Совершенно неожиданно нам приказано в лучших традициях американского кино – разделиться. Тут три параллельные аллеи, потому мы их сейчас пройдем и проверим – пусто
Моей группке достается самое открытое место – мы идем по аллейке, что проложена по берегу Лебяжьей канавки. Все время на связи с остальными, посматриваем внимательно, но никого нет. Только поодаль на Марсовом поле видим сидящих на граните бойцов.
– Мы у Кофейного павильона. Все чисто, – квакает рация.
– Мы у Амура с Психеей, – отзывается Саша, посмотрев на большой дощатый домик для скульптур.
– Это кому тут памятник? – спрашивает Тимур.
– Бабьей глупости, – заявляет в ответ Ильяс.
– Ну ты загнул! – вступаюсь я, обиженный такой грубой прозой жизни.
– Якши. А по-твоему, чему памятник? – возражает снайпер.
– Любви.
– Продолжай, продолжай, – поощряет меня примерный семьянин.
– Ну Амур, бог любви, женился на Психее, но попросил ее в качестве основного условия, чтобы она ни в коем случае его ночью не разглядывала. Она же не утерпела и как-то раз полюбовалась спящим мужем, взяв для этого светильник…
– Во-во! А ручонки у нее затряслись, и она дрыхнущего без задних ног муженька облила кипящим маслом из светильника, так? – душевно осведомляется Ильяс.
– Ну да, восхищенная его красотой, она капнула маслом…
– Фигасе! Я же памятник помню, она ему выходит, аккурат, на живот и яйцы плесканула! – огорчается за Амура Саша.
– Во-во! Именно! И он ее выпер, дуру этакую… Так чему памятник? – победоносно заканчивает спор Ильяс.
– Эй, искусствоеды! А ну живо догнали остальных! – рявкает искаженным, но узнаваемым голосом рация.
– Упс, то есть ой! – подмигивает нам в комическом ужасе Ильяс, и мы торопливо шагаем по пустой аллее.
Два лежащих мешками тела. Ни одной цели.
Встречаемся с нашими у бронетранспортера, стоящего почти у входа, там, где Карпиев пруд. Парк чист, можно вообще-то и сворачиваться. У латников в Павловских казармах все штатно, сопротивление незначительное, не то что в Морском госпитале, так что все уже идет к концу.
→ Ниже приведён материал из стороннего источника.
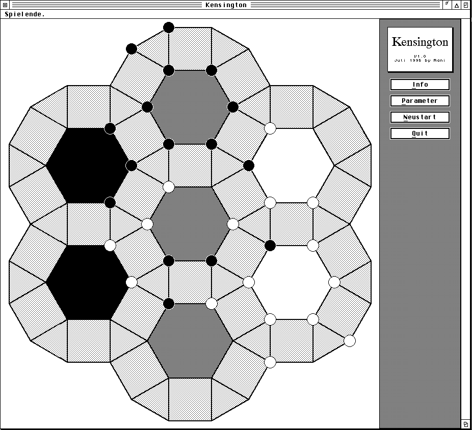 Kensington ist eine Umsetzung eines Brettspieles auf den Computer. Es erfüllt alle GEM-Standards und ist somit auf jedem TOS-kompatiblen System und unter jeder Auflösung lauffähig. Die Spielfeldgröße kann jederzeit durch Ändern der Fenstergröße variiert werden. Das Spiel ist für 2 bis 6 Spieler.

Ну вот и замечательно. Славно прогулялись.
В общем, мы уже можем и уезжать. Нас придержали не то из-за того, что я как-никак врач, вдруг пригожусь, не то на всякий пожарный – мало ли, морф набежит. Морф не набегает, раненых нету. Как обычно, продуманная операция течет спокойно и планомерно.
Узнаю, что еще вчера омоновцы из «мокрой роты» выставили несколько громкоговорителей – это уже становится привычным, как артподготовка перед наступлением. Большая часть мертвяков оттянулась дальше к Невскому. Что странно – на Дворцовой как стояли, так и стоят, медом им там намазано, что ли? В голову неожиданно приходит мысль: если громкоговорители собрали к Невскому публику отсюда, то и с другой стороны то же самое будет. Получается, что если столковаться с водоплавающими, то я мог бы заскочить к себе в старую квартиру и забрать что возможно. Мама об этом постоянно говорит.